I was upto about 2 months ago claiming ESA,i hadn't been claiming for long about 6 weeks i believe,along with housing benefit.
Anyway i had a severe attack of anxiety and it caused me,against my wifes and families wishes,to contact the ESA and HB people and stop my claim.I told them i wanted to go back to work.I worked self employed as a decorative sign writer.
However,i now know i have made a terrible mistake.I just cannot work enough and regulary enough to earn an income.The whole process of working is crippling me,i was warned about these effects because of my condition by the chronic pain management team and mental health unit.My life mentally is back to near suicidal thoughts again,i tried once before and couldn't even get that right.I have let everyone down,all those people both family and medical teams who were making my life more bearable,i have let them all down.

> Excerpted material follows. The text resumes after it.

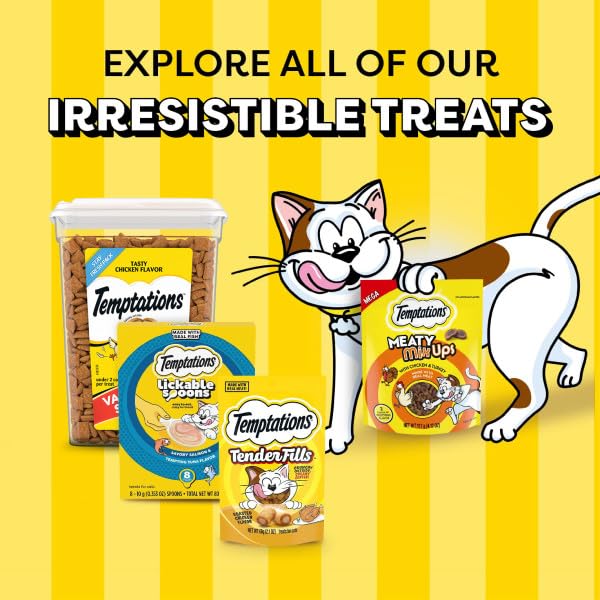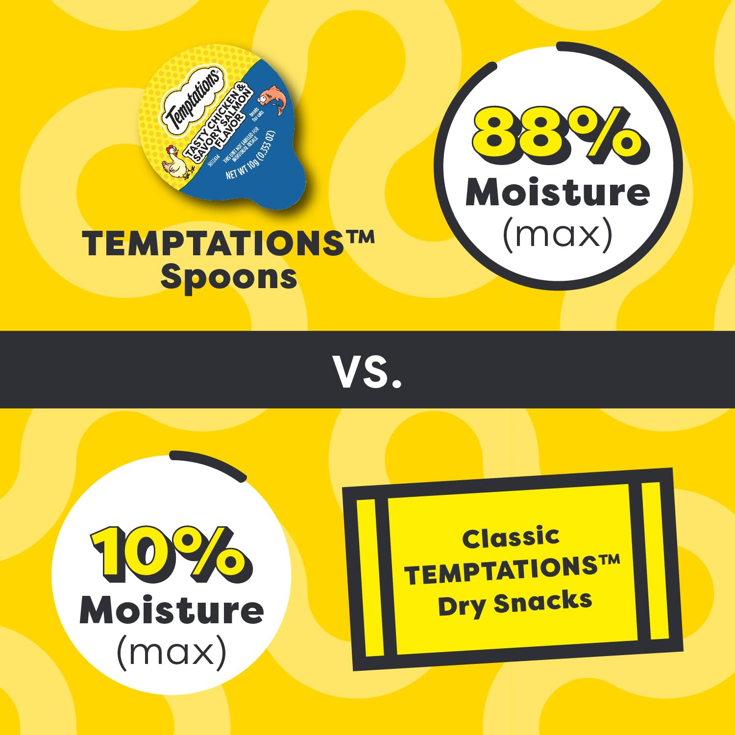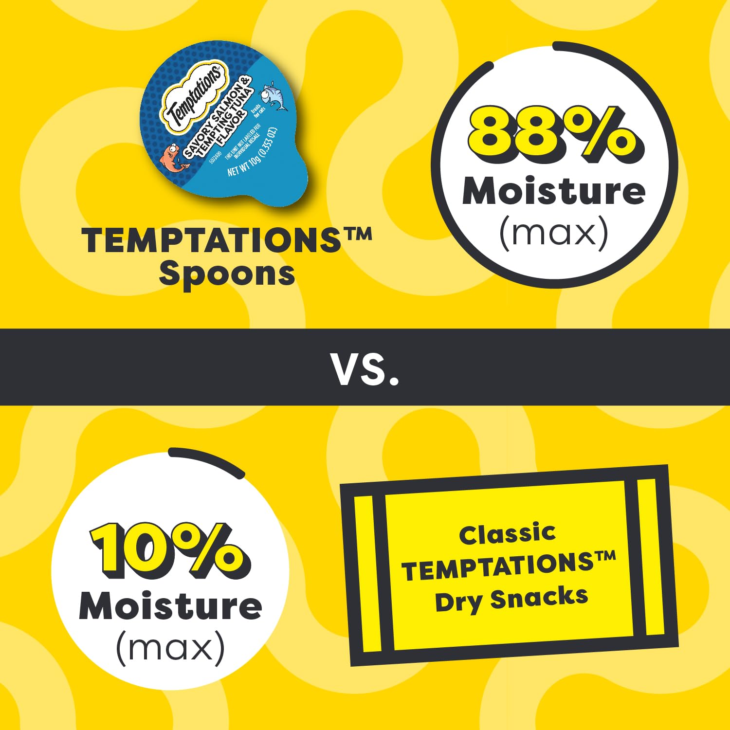 - 24-Pack: Contains eight (8) 10-gram spoons of TEMPTATIONS Lickable Spoons Tasty Chicken and Cheesy Cheese Flavor, eight (8) Savory Salmon and Tempting Tuna Flavor, and eight (8) Tasty Chicken and Savory Salmon Flavor Adult Wet Cat Treats

Now though i think i have a problem,because other than the doctors and future referalls,i have stopped seeing the pain management and psychologists,i also told them i wasn't attending anymore,so they signed me off.Oh dear what have i done,all this was really because of a severe anxiety attack that i didn't want to tell anyone about.
Now i have no income at all,the kids are helping me and the wife financially,but i just really need to find out will i be able to reapply for ESA,i wasn't assessed before.
Housing benefit should be ok,but i need financial and medical help again.